PROBLEM REQUIREMENTS
Please take the records that follow and repeat exactly the lines starting with the line with "對於房地產行業,龔天璇認為宏" and going on through the line with "Navigation Controller로 묶인".

EXERCISE INPUTS
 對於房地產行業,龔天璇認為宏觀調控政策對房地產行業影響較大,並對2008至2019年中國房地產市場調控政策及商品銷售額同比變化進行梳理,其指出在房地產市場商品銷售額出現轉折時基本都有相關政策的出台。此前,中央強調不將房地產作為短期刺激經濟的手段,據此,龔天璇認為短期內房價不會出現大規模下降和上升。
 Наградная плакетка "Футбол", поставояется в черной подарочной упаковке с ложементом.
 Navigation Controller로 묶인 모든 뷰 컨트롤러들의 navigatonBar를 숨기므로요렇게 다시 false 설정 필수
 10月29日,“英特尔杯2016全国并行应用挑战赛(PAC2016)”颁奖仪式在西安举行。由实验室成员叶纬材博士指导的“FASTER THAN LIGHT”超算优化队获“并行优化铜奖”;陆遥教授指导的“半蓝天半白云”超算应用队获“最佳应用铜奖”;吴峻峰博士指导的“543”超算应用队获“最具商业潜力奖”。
---
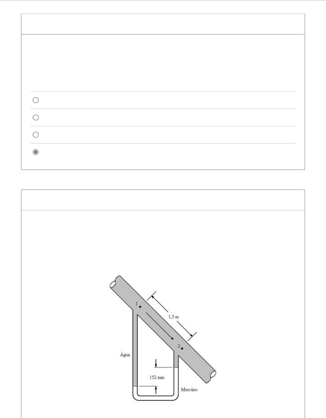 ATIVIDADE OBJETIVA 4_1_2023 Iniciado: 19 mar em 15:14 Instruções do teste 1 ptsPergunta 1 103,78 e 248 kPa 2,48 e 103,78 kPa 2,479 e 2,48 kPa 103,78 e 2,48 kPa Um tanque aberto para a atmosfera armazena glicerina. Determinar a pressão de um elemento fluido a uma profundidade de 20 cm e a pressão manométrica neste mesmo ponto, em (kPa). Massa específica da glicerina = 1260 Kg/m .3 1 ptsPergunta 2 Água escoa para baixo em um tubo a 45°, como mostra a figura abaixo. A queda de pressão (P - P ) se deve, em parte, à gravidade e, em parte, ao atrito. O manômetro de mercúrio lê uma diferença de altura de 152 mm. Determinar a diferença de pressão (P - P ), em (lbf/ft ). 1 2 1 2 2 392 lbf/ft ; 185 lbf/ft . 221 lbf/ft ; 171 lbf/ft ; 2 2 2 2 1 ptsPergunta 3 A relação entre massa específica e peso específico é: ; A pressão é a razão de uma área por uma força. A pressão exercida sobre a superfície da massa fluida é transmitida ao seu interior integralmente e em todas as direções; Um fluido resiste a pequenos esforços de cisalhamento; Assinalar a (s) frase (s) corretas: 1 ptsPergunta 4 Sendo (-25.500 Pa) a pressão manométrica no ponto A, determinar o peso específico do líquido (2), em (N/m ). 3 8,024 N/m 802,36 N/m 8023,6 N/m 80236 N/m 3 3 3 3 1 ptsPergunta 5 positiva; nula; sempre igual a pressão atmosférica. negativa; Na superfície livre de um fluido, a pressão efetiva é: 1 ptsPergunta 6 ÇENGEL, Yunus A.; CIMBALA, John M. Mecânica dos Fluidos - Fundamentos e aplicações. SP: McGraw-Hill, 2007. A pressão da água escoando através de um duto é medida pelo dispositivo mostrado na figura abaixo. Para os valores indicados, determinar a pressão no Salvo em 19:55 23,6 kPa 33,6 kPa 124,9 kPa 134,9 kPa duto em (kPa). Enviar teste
==
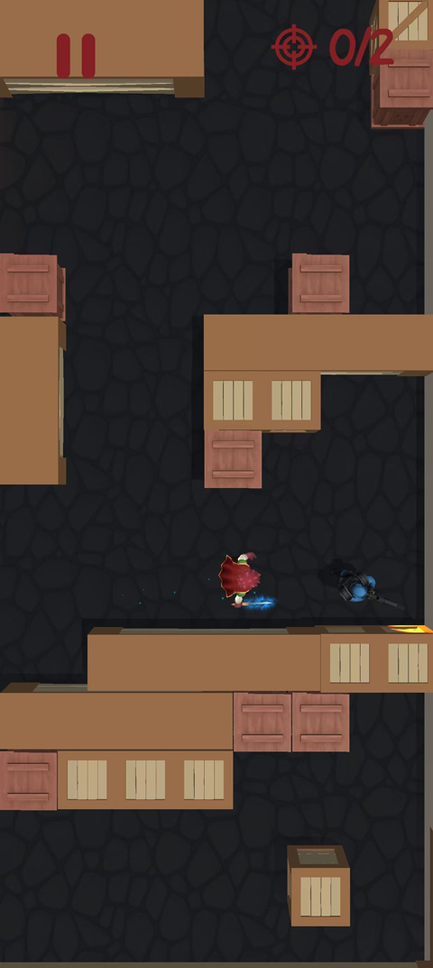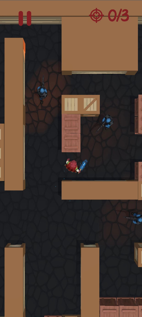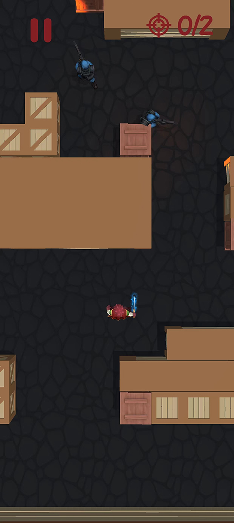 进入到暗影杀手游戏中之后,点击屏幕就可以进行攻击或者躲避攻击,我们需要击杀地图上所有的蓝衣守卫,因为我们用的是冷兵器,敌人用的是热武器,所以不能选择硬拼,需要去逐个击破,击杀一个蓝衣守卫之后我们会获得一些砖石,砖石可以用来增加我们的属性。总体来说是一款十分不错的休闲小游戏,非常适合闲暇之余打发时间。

RESPONSE TO THIS EXERCISE
 對於房地產行業,龔天璇認為宏觀調控政策對房地產行業影響較大,並對2008至2019年中國房地產市場調控政策及商品銷售額同比變化進行梳理,其指出在房地產市場商品銷售額出現轉折時基本都有相關政策的出台。此前,中央強調不將房地產作為短期刺激經濟的手段,據此,龔天璇認為短期內房價不會出現大規模下降和上升。
 Наградная плакетка "Футбол", поставояется в черной подарочной упаковке с ложементом.
 Navigation Controller로 묶인 모든 뷰 컨트롤러들의 navigatonBar를 숨기므로요렇게 다시 false 설정 필수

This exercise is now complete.